## Problem description
The full listing, written out exactly and without images, is the expected result.
++++ Data segment
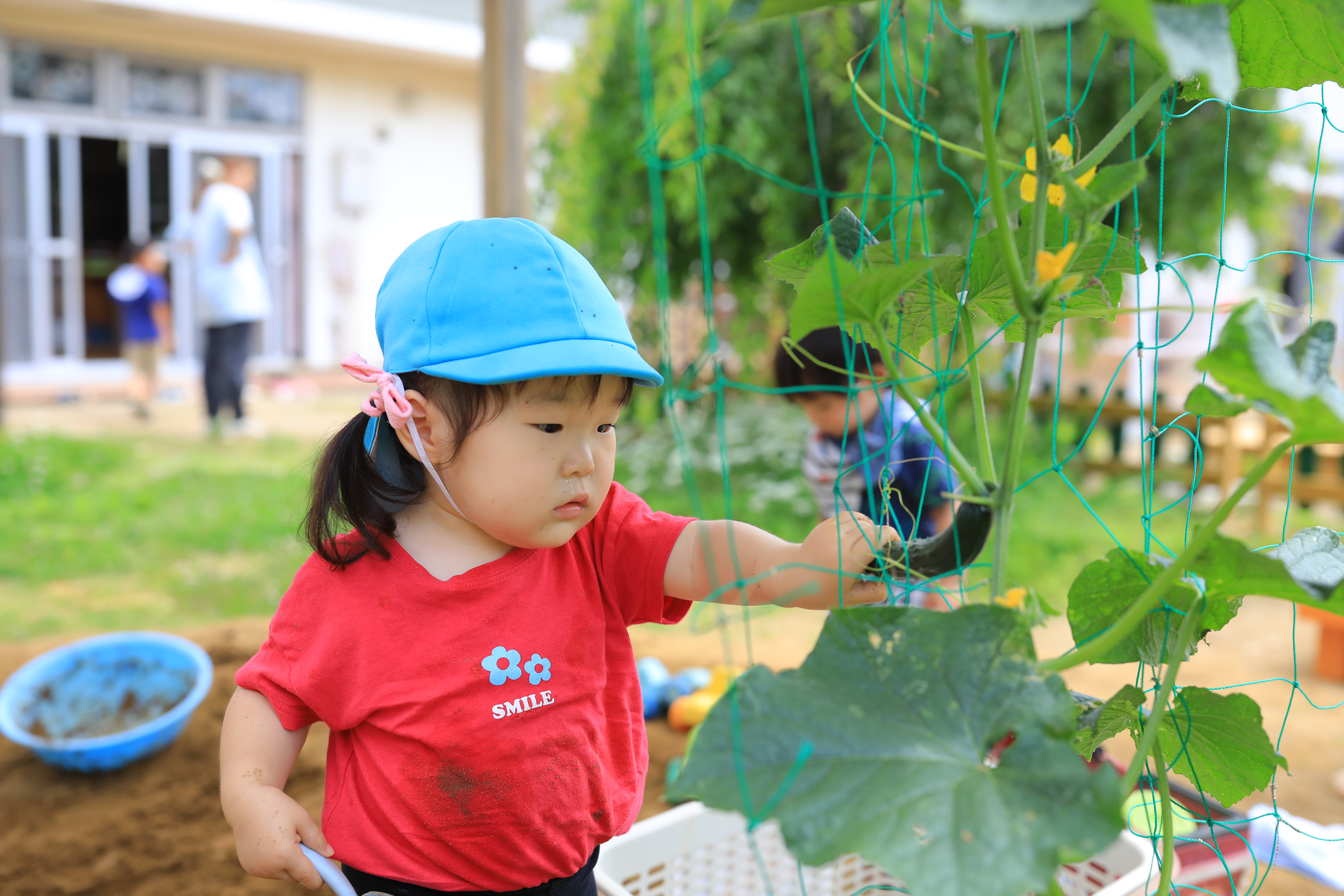 2024年06月12日 (水) 今週は天気も良く、戸外でのびのびと遊ぶ子どもたち。それぞれの年齢なりに自分の好きな遊びに夢中となったり、クラスで栽培している夏野菜の収穫に喜んだりといろいろな経験をしていました。明日からもどんな遊びが見られるかとても楽しみです!
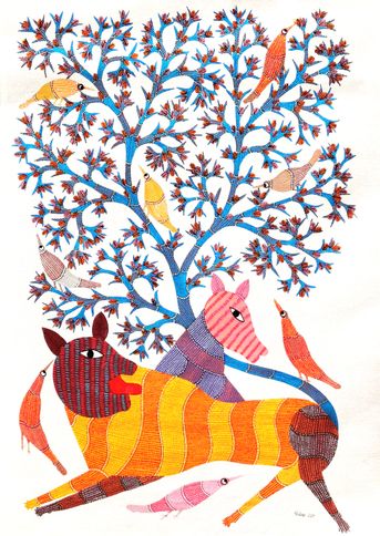 The word Gond comes from Kond, which means green mountains in the Dravidian idiom. Deeply connected with nature and natural elements, Gonds have traditionally drawn inspiration and represented their stories using strong natural elements. Trees, animals, birds, and other environmental representations are probably the most recognizable subject matter in their visual art practice. Gond paintings are known for their rich detail, bright colors, embedded mystery, and a taste of humor. However, these tribal artworks are anything but outdated. Not only do contemporary Gond artists use modern materials and methods but they also brilliantly represent contemporary scenes and concerns while keeping true to age-old traditions and style. This Orginal Painting is by Artist Lilesh Ureti.
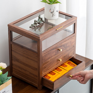 ブラックウォールナットデスクトップ収納キャビネットは積み重ねることができますティーセット収納ラックカウンタートップティーサイドボードティーテーブルディスプレイキャビネット
++++++++
## Answer
 2024年06月12日 (水) 今週は天気も良く、戸外でのびのびと遊ぶ子どもたち。それぞれの年齢なりに自分の好きな遊びに夢中となったり、クラスで栽培している夏野菜の収穫に喜んだりといろいろな経験をしていました。明日からもどんな遊びが見られるかとても楽しみです!
 The word Gond comes from Kond, which means green mountains in the Dravidian idiom. Deeply connected with nature and natural elements, Gonds have traditionally drawn inspiration and represented their stories using strong natural elements. Trees, animals, birds, and other environmental representations are probably the most recognizable subject matter in their visual art practice. Gond paintings are known for their rich detail, bright colors, embedded mystery, and a taste of humor. However, these tribal artworks are anything but outdated. Not only do contemporary Gond artists use modern materials and methods but they also brilliantly represent contemporary scenes and concerns while keeping true to age-old traditions and style. This Orginal Painting is by Artist Lilesh Ureti.
 ブラックウォールナットデスクトップ収納キャビネットは積み重ねることができますティーセット収納ラックカウンタートップティーサイドボードティーテーブルディスプレイキャビネット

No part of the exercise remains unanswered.